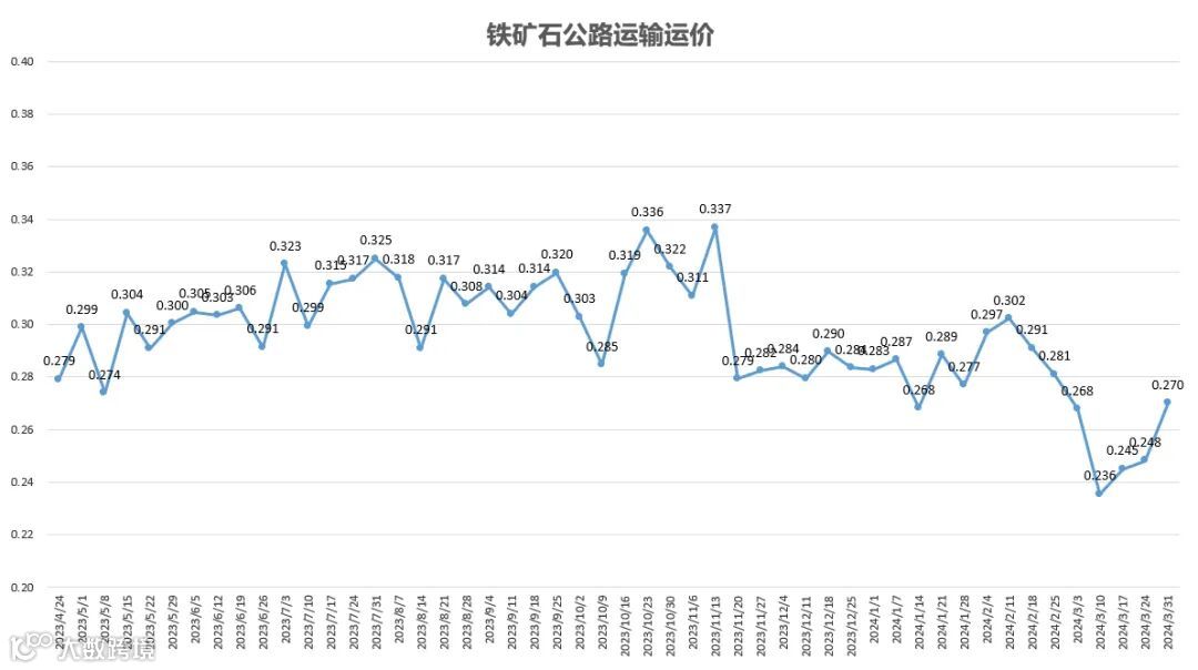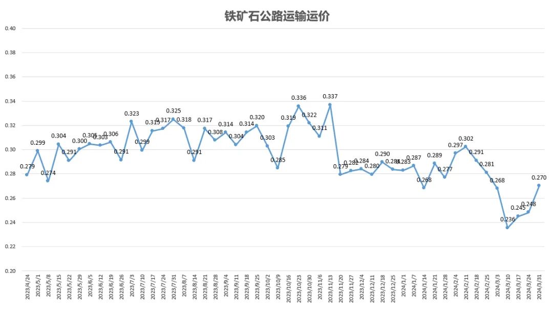 本周铁矿石价格下跌。供应方面,季节性扰动因素逐步解除,澳矿发运回升,巴西及非主流资源发运维稳。需求方面,当前市场悲观情绪有所修复,铁水产量止跌小幅回升,钢厂对铁矿石补库积极性小幅回暖,用车需求提升。故本周铁矿石运输运价上涨。
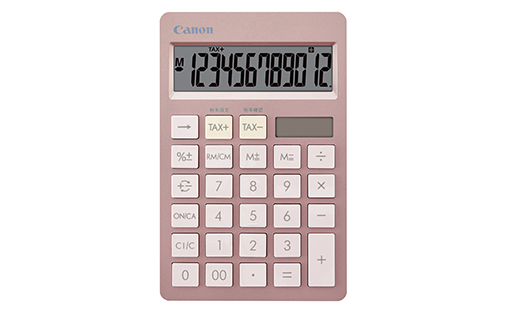 卓上サイズの12桁表示モデルで、ピンク、ブルー、ホワイトの3色のカラーバリエーションをラインアップしており、いずれも表と裏のカラーが異なるツートーンカラーのおしゃれなデザインになっています。
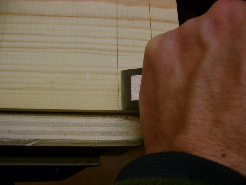 L’altra mano terrà il coltello che cerchera’ con la punta della lama la base di contatto tra il legno e la squadra. Il coltello dovrebbe essere impugnato leggermente inclinato così da compensare lo smusso della lama stessa e garantire la perpendicolarità della traccia.
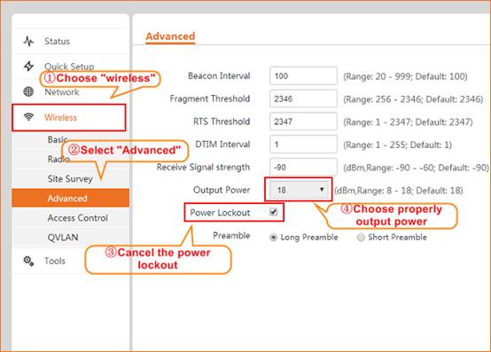 Select the “Advanced” and uncheck the “power lockout”, then set a custom output power dBm which fits your need.
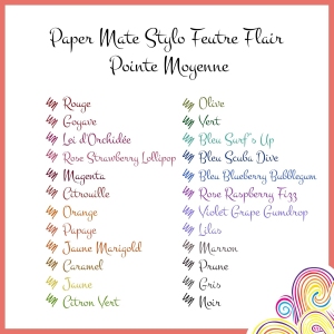 - Marie C. : « Les Paper Mate Flair sont mes favoris pour le scrapbooking. La pointe est parfaite pour dessiner des détails et l’encre ne traverse pas le papier. »
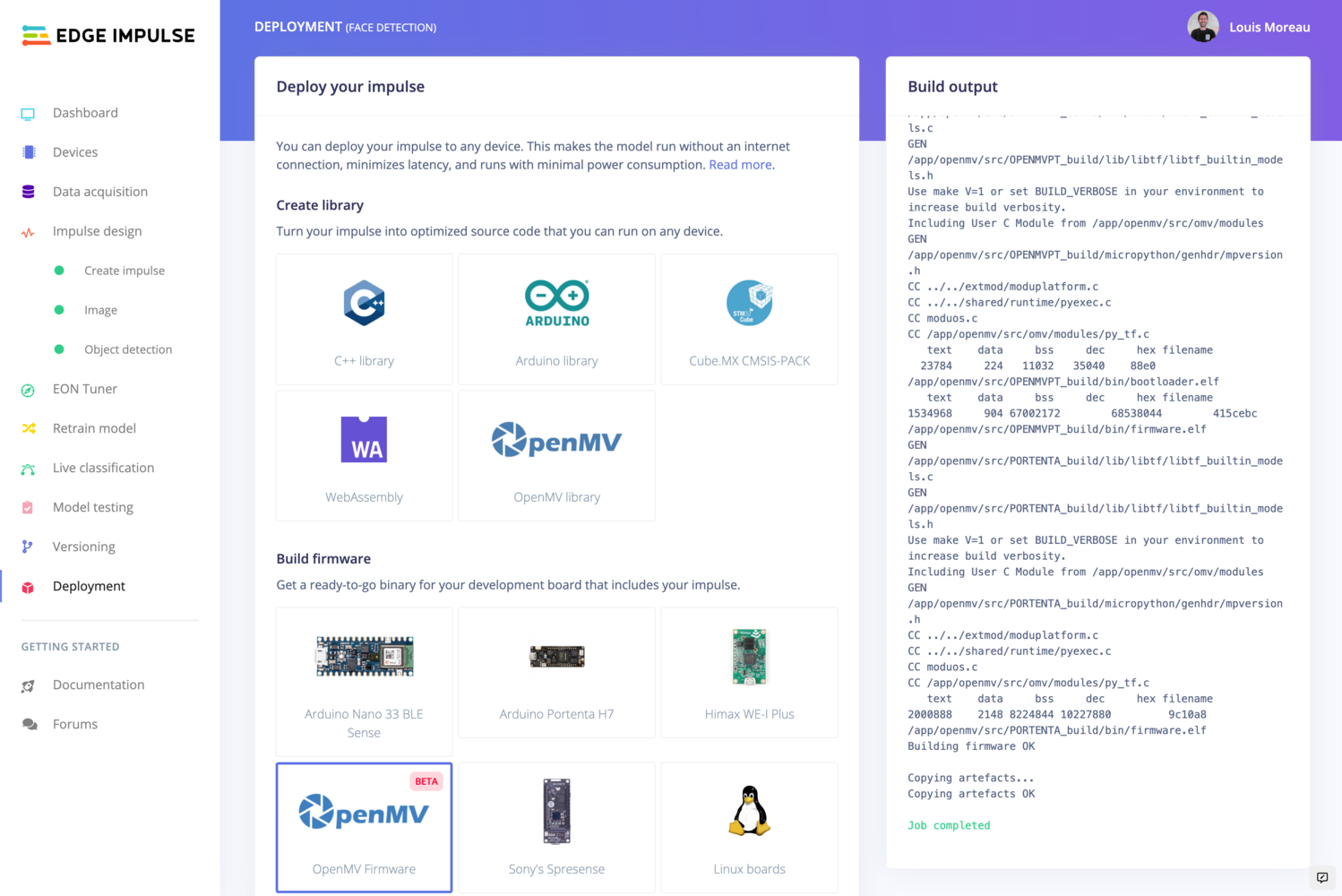 Deploying your impulse as an OpenMV library
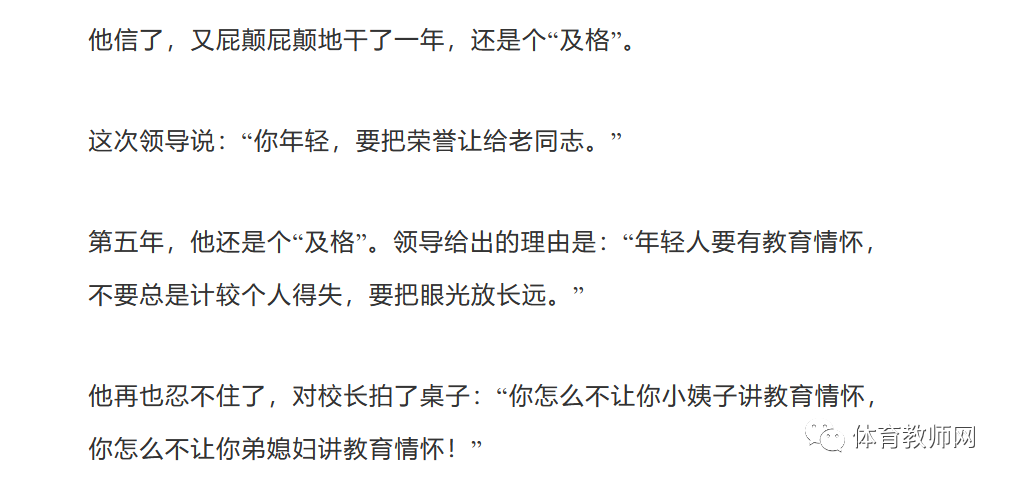 他们最喜欢做的就是表扬哪位老师带病工作、无偿加班、以校为家,号召全体教师向他们学习。
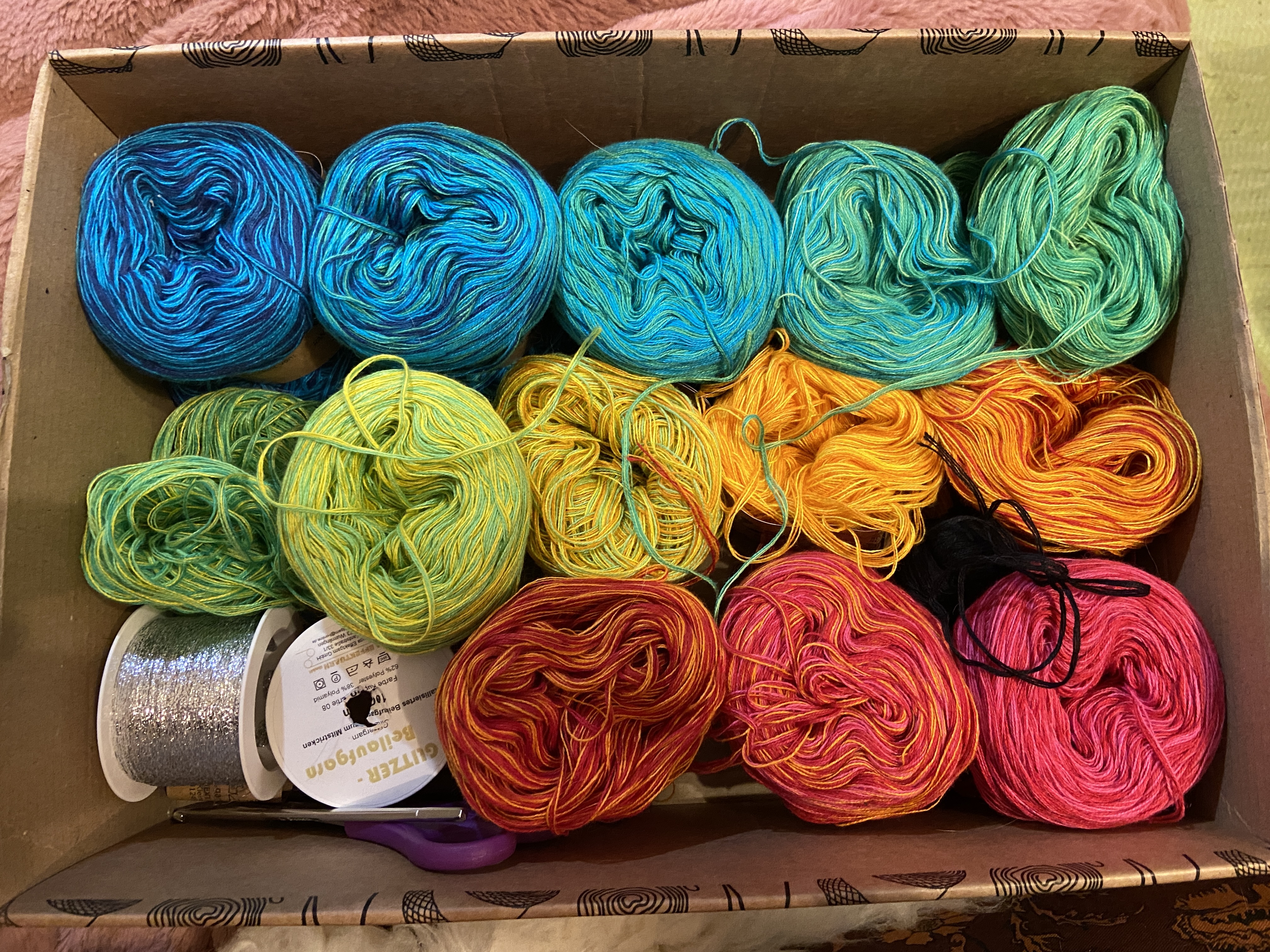 Rein theoretisch musste ich mich also nur jeden Tag für etwa eine halbe Stunde hinsetzen und die Kachel für den Vortag machen. Klingt völlig realistisch, oder? Also habe ich das Set gekauft und mich drangesetzt. Und natürlich lief es NICHT immer so schön regelmäßig. Manchmal war ich Abends zu müde, um mit mehreren Farben zu häkeln. Manchmal hatte ich keine Zeit. Manchmal musste ein anderes Projekt fertig werden – oder ich war auf Reisen, da nimmt man lieber nur ein Knäuel mit statt einer Box voller Garn.
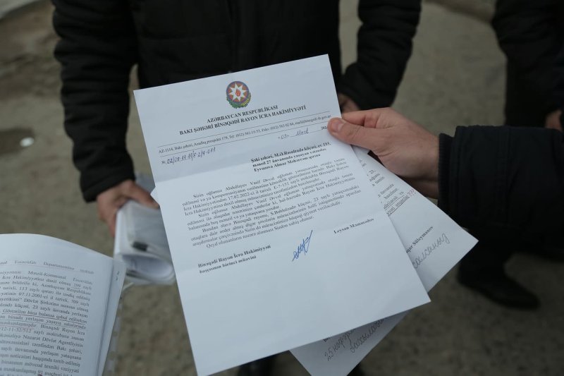 “Mənim atam rəhmətə gedib, qeydiyyatda olduğum ünvan söküldüyü üçün dəfn pulunu ala bilmirəm, deyirlər ki, gedib arayış gətirməliyəm. Yaşadığım yer hazırda söküldüyü üçün aidiyyatı qurumlar arayış da verə bilmirlər. Buranı kimlərin sökdüyünü, kimlərin icazəsi ilə tikinti aparıldığını bizə demirlər. Şirkətin rəhbəri ilə görüşəndə deyib ki, tikintiyə Binəqədi rayon İcra Hakimiyyətinin başçısı icazə verib. Hələ deyilənə görə, binanın birinci mərtəbəsini, yəni qeyri-yaşayış sahəsini Binəqədi rayon İcra Hakimiyyətinin vəzifəli şəxslərinə verəcəklər".

# # # #

■ Task to complete ■
Retype the lines above exactly as they appear, from the line containing "卓上サイズの12桁表示モデル" through the line containing "fits your need.", and leave out any pictures.

■ Response area ■
 卓上サイズの12桁表示モデルで、ピンク、ブルー、ホワイトの3色のカラーバリエーションをラインアップしており、いずれも表と裏のカラーが異なるツートーンカラーのおしゃれなデザインになっています。
 L’altra mano terrà il coltello che cerchera’ con la punta della lama la base di contatto tra il legno e la squadra. Il coltello dovrebbe essere impugnato leggermente inclinato così da compensare lo smusso della lama stessa e garantire la perpendicolarità della traccia.
 Select the “Advanced” and uncheck the “power lockout”, then set a custom output power dBm which fits your need.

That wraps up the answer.